José James plays the Dakota again Wednesday night. (Janette Beckman)
Something seems to happen whenever José James comes home to perform at the Dakota Jazz Club in Minneapolis.
He reminisces. He gets chatty. He gives shout outs to friends, family and former colleagues, teachers and mentors from his days in the Twin Cities.
On Tuesday night at the Dakota, James joked that he was practically reciting his entire Wikipedia page because, well, he talked a lot about his past. For instance, he said the reason he moved to New York in 1999 was because there were too many good jazz singers in the Twin Cities and he named Debbie Duncan, Connie Evingson, Dennis Spears, the Petersons and others.
After a clubgoer asked where James went to high school, the singer explained that he starred in the musical “Cinderella” at South High in Minneapolis. Then he added: "I turned down [a part] in 'West Side Story,' not knowing who was in it. Josh Hartnett. I [messed up] my acting career."
Interesting? Or indulgent? It probably depends whether you were a friend, a fan or a newcomer. One thing for certain is that James didn’t talk about these subjects when he performed two weeks ago at Kennedy Center (which he mentioned) in Washington, D.C.
The task at hand on Tuesday was to play the music of 1970s pop hitmaker Bill Withers, which will be James’ next album. In fact, he began recording last weekend in Los Angeles, with the disc due Sept. 28.

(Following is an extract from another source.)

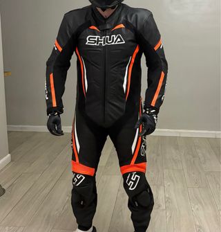 Mono de moto de cuero con protecciones. - Diseño deportivo en negro con detalles en naranja y blanco. - Marca: SHUA. - Incluye deslizaderas - Talla 56 - Usado dos rutas

During his 10-year recording career, the unpredictable James, 40, has been all over the musical map. He’s made original jazz with hip-hop influences, sung standards, recorded a tribute to Billie Holiday and written original contemporary R&B.
James was convincing playing Withers music. Even though he picked mostly familiar tunes (“Use Me,” “Just the Two of Us,” “Ain’t No Sunshine,” “Lean on Me,” “Lovely Day”), he brought a jazziness to them, with an occasional hip-hop flair when he was riffing. For instance, on “Grandma’s Hands,” he fixated on phrases, repeating them, and singing like he was DJ scratching a record.

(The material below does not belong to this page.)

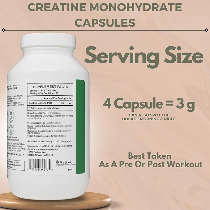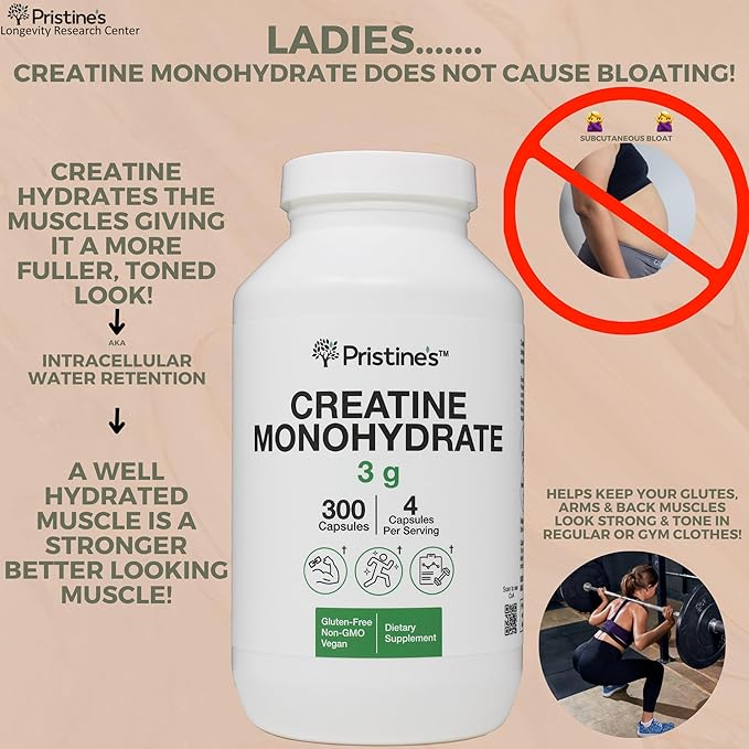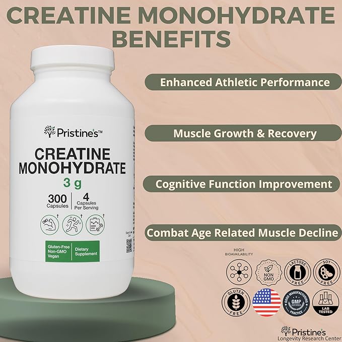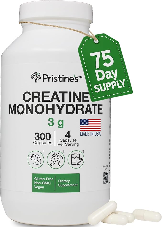 PRISTINE'S Creatine Monohydrate Capsules for Women & Men - No Bloat 75 Day Supply 3G Muscle Growth Support Supplement - Cognitive & Athletic Performance Support - Enhanced Recovery

Other highlights included three little known numbers -- the gorgeous ballad “Hello Like Before”; “Hope She’ll Be Happier,” rendered with James’ full voice, and “Kissing My Love,” during which the singer got completely lost in love.
What helped make James’ 95-minute set successful was the wonderful support from his band. James Francis took jazzy adventures on keyboards, and guitarist Brad Allen Williams traveled in various styles from blues to Larry Carlton-ish jazz-fusion on several long and involving solos.

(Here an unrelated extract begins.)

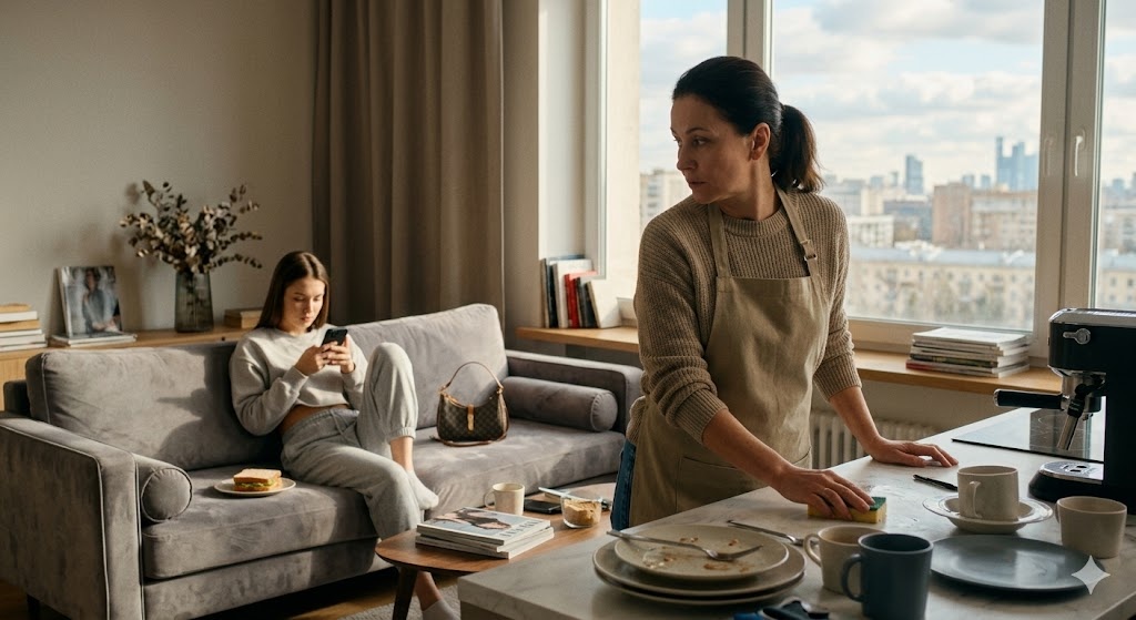 Я пыталась оправдывать ее. Говорила себе: «Ей тяжело, она учится, пытается заработать. А я все равно сижу дома. Мне не трудно». Я стирала, гладила, убирала, готовила завтраки, обеды и ужины. Мои дни слились в бесконечную череду бытовых ритуалов. Я перестала искать работу — просто не было сил и времени. Я превратилась в тень, скользящую по квартире с тряпкой в руках.

Also outstanding was the steady and groove-oriented rhythm section of drummer Nate Smith and bassist Reuben Rogers, who had played four nights over the weekend with jazz saxophone giant Charles Lloyd at the Dakota.
On Tuesday, the musicians probably learned more about James than they wanted to know. Maybe he’ll have some new stories for them during Wednesday night’s return engagement when he promises the same set list.